What is needed: Below are records with pictures. Reproduce exactly the lines from the line with "श्रद्धा कपूर मालदीवमध्ये" to the line with "L'ombra di un", inclusive, and leave each picture out.

***

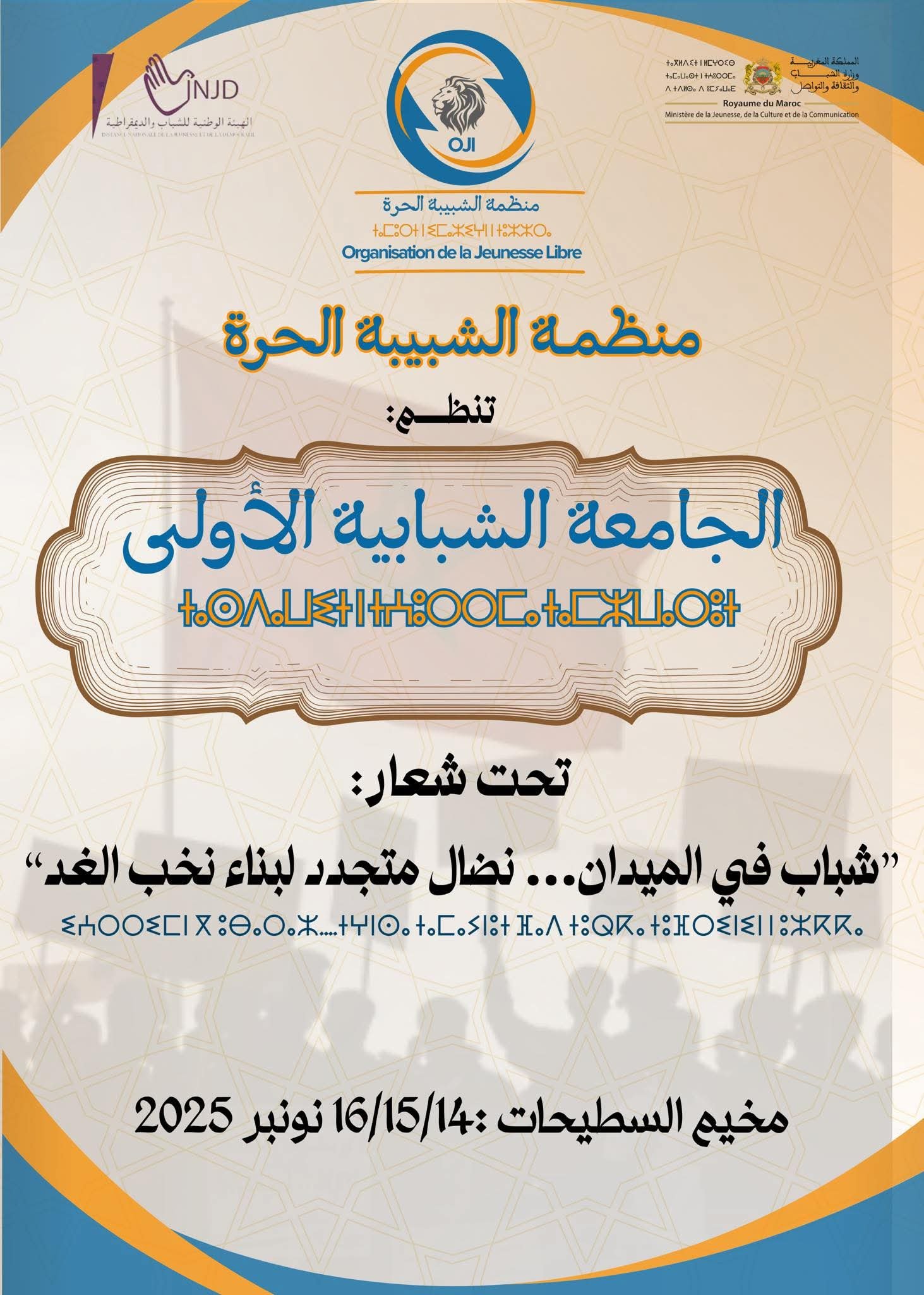 تنظم منظمة الشبيبة الحرة فعاليات الجامعة الشبابية الأولى تحت شعار: “شباب في الميدان… نضال متجدد لبناء نخب الغد”، وذلك أيام 14 و15 و16 نونبر 2025 بـ مخيم السطيحات.
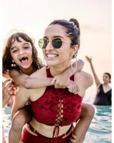 श्रद्धा कपूर मालदीवमध्ये दिसली बीच पार्टी करताना, रेड वेलवेट ब्रालेट ड्रेसमध्ये दिसली ग्लॅमरस
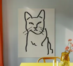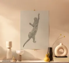 L'ombra di un gatto pieno di vita: Questo motivo gioca con la tensione tra una silhouette chiara e un disegno organico a labirinto. Lo stile ricorda la line art di Keith Haring, ma è più sottile, più giocoso, quasi meditativo. Le innumerevoli microforme invitano a soffermarsi, creando dinamismo in una situazione di stasi. Una dichiarazione visiva per gli spazi creativi e gli amanti dei gatti, in audace equilibrio tra ordine e caos.
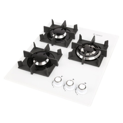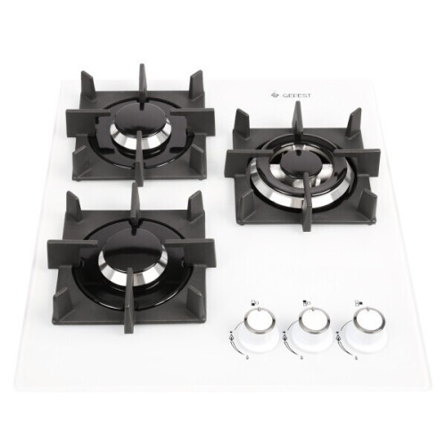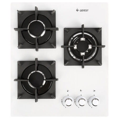 Газовая варочная поверхность GEFEST имеет компактные размеры, а значит, подходит для оснащения маленьких кухонь . На стеклянной панели белого цвета располагаются всего 3 конфорки, закрытые чугунными решетками. Одна из конфорок имеет двойной ряд пламени («Двойная корона»), что делает ее более мощной. На ней можно быстро приготовить или разогреть большую порцию еды. Для безопасной эксплуатации варочная поверхность оснащена опцией газ-контроля, способной автоматически прекращать подачу газа в конфорку с погасшим пламенем. Для включения конфорок и регулировки пламени в них газовая варочная поверхность оборудована поворотными переключателями, которые четко фиксируются в нужном положении. В каждый из них встроен механизм электроподжига, благодаря чему зажигать пламя в конфорке можно без использования спичек. Для работы данного механизма варочная поверхность подключается к электросети с помощью кабеля (в комплекте). Специальная конструкция форсунок варочной поверхности предусматривает использование природного газа (метана) и сжиженного (пропана-бутана).
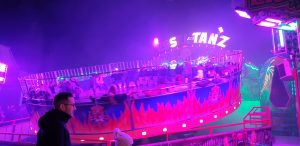 Tani ging zum nebenstehendem Stand und holte sich ein Bier, wärend ich versuchte, die Sache zu regeln. Über Umwege kam ich an die SSH Zugangsdaten von Vitaly, die eigetlich für meine App bestimmt waren und von da regelte ich das Ganze. Dann kam ich zur Tani, wir schnappten und am Stand dort ein Sitzpülatz und ich holte Ihr einen Glühwein und mir eine heiße Schokolade mit Amaretto. Danach gingen wir noch zwei mal über die Kirmes. Am meisten angetan hat der Tani das Fahrgeschäft „Vodoo Jumper“, da es jedes Mal ein anderes Programm bot und abwechslungsreiche Technomusik dabei spielte. Wir bleiben da mehrfach stehen und schauten uns ein paar Runden an. Gegessen haben wir diesmal an einem Stand, an dem es Paste aus dem Käseleib gab, was wir nahmen. Nach dem Essen ging Tani in der Nähe Lulu und dann gingen wir noch eine Runde. Im engem Gedrängel genau in der Ecke mit dem Pastastand hatten wir ein kurzes nettes Gespräch mit einer Frau, die versuchte, Ihren Glühwein durch die Menge zu manövrieren. Ein Tag zuvor war ich übrigens freitag abends bei meinem Großelten, bei denen man aus dem Küchenfenster aus die Kirmes sehen konnte.
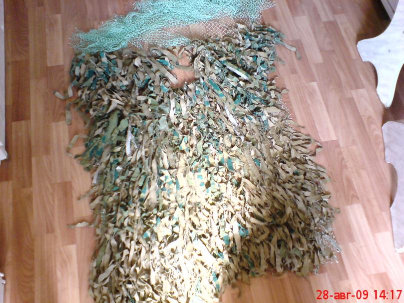 1.сетка ячея 1.5\1.5см полотно 2м на 4м 2 старые афганки\комки(с армии остались) 3 желанье афганку нарезал соломкой примерно ширина 3-5см и длина произвольно. в произвольном порядке на два узла привязывал. мне нравится. тока тяжеловатая. натуральный материал |
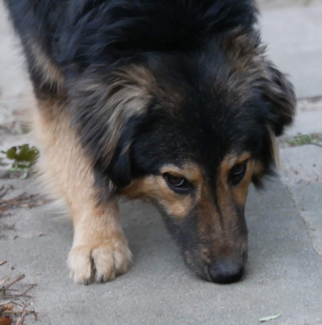 Spaziergänge mit Pflegefrauchen am Ende der Leine sind für ihn entspannt und er geht wie eine Eins durch den Sachsenwald. Wenn aber sein Pflegefrauchen nicht bei ihm ist und eine andere Person mit ihm ein kleines Stück außer Sichtweite von seinem Rudel spazieren geht, dann ist er sehr verunsichert; weint und möchte nicht weiter gehen. Daran arbeiten wir jetzt fleißig.
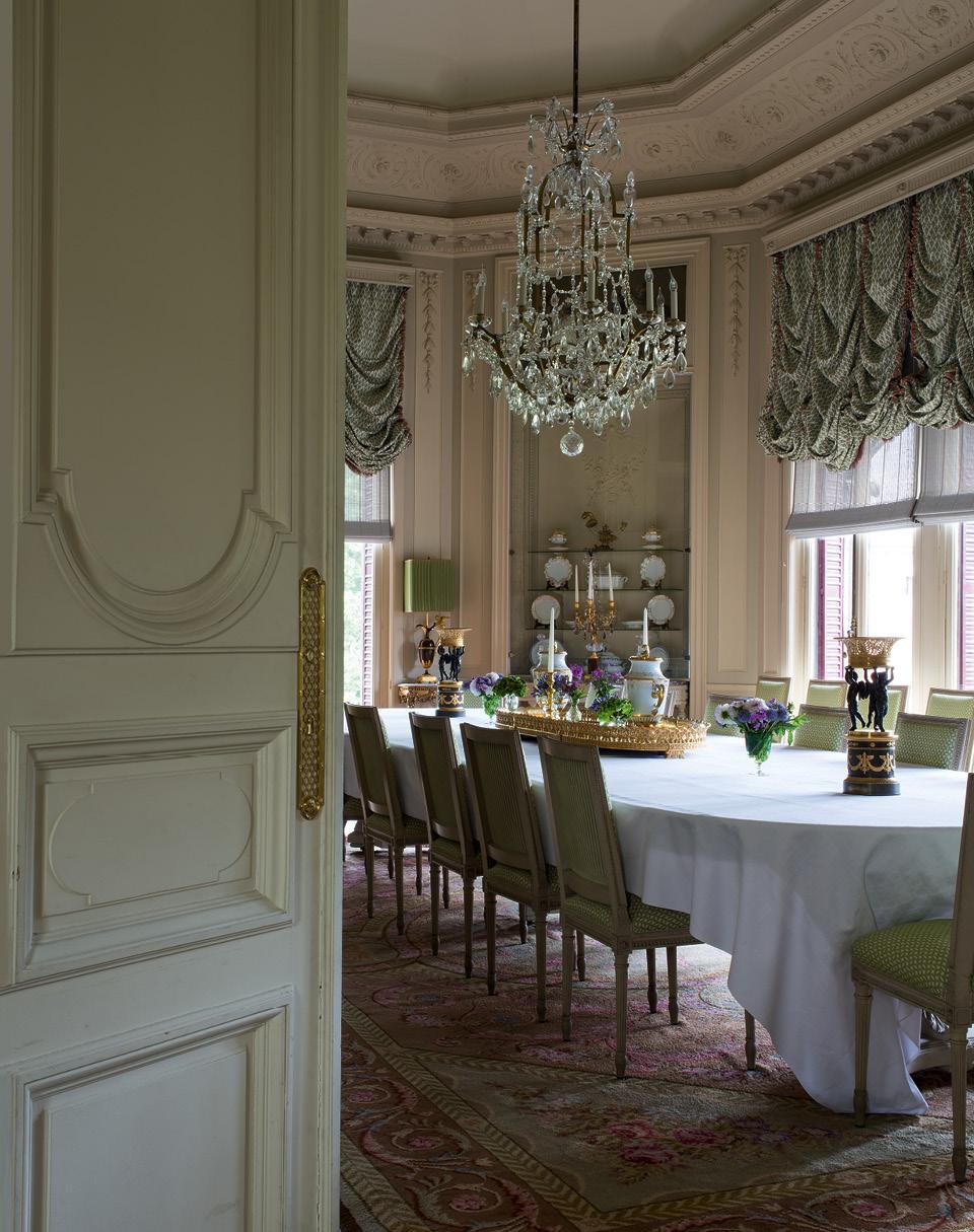 Столовая в стиле Людовика XVI появилась в замке во время реконструкции XIX века. Вся мебель здесь антикварная, ткани — Jim Thompson и Manuel Canovas.

***

Output of the task:
 श्रद्धा कपूर मालदीवमध्ये दिसली बीच पार्टी करताना, रेड वेलवेट ब्रालेट ड्रेसमध्ये दिसली ग्लॅमरस
 L'ombra di un gatto pieno di vita: Questo motivo gioca con la tensione tra una silhouette chiara e un disegno organico a labirinto. Lo stile ricorda la line art di Keith Haring, ma è più sottile, più giocoso, quasi meditativo. Le innumerevoli microforme invitano a soffermarsi, creando dinamismo in una situazione di stasi. Una dichiarazione visiva per gli spazi creativi e gli amanti dei gatti, in audace equilibrio tra ordine e caos.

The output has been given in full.